BREVE HISTÓRICO SOBRE O CASDM O Centro de Assistência Social Divina Misericórdia foi fundado na década de 1980, na Cidade Industrial de Curitiba. No início da ocupação desta comunidade, entre as décadas de 70 e 80, os moradores da região enfrentavam muitas dificuldades, desde habitação, transporte, saúde, entre outros, e sentia-se a necessidade de uma ajuda mais concreta, visto ser uma zona pouco lembrada pelo poder público.
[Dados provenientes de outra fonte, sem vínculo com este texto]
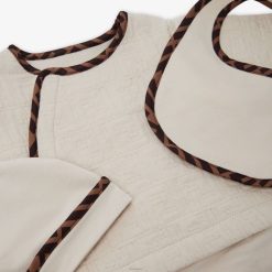 Conjunto para bebé de algodón acolchado ff tono sobre tono beige con babero, gorro y pelele con cierre frontal y borde con logo ff estampado.

Uma das religiosas que atendia a comunidade na época, Ir. Maria de Moraes Silva, membro do Instituto das Apóstolas do Sagrado Coração de Jesus e acadêmica do curso de Serviço Social, realizou um trabalho de pesquisa sobre as necessidades da comunidade aos poucos foi se concretizando a ideia de se criar um Centro Social capaz de absorver estas reivindicações e necessidades, a fim de ao menos “remediar” a situação pela qual passavam os primeiros habitantes desta região. Fundou-se então, o Centro de Assistência Social Divina Misericórdia (CASDM), no dia 19 de março de 1983, com o intuito de dar auxílio às pessoas residentes no bairro, seja no atendimento emergencial como na conquista de direitos.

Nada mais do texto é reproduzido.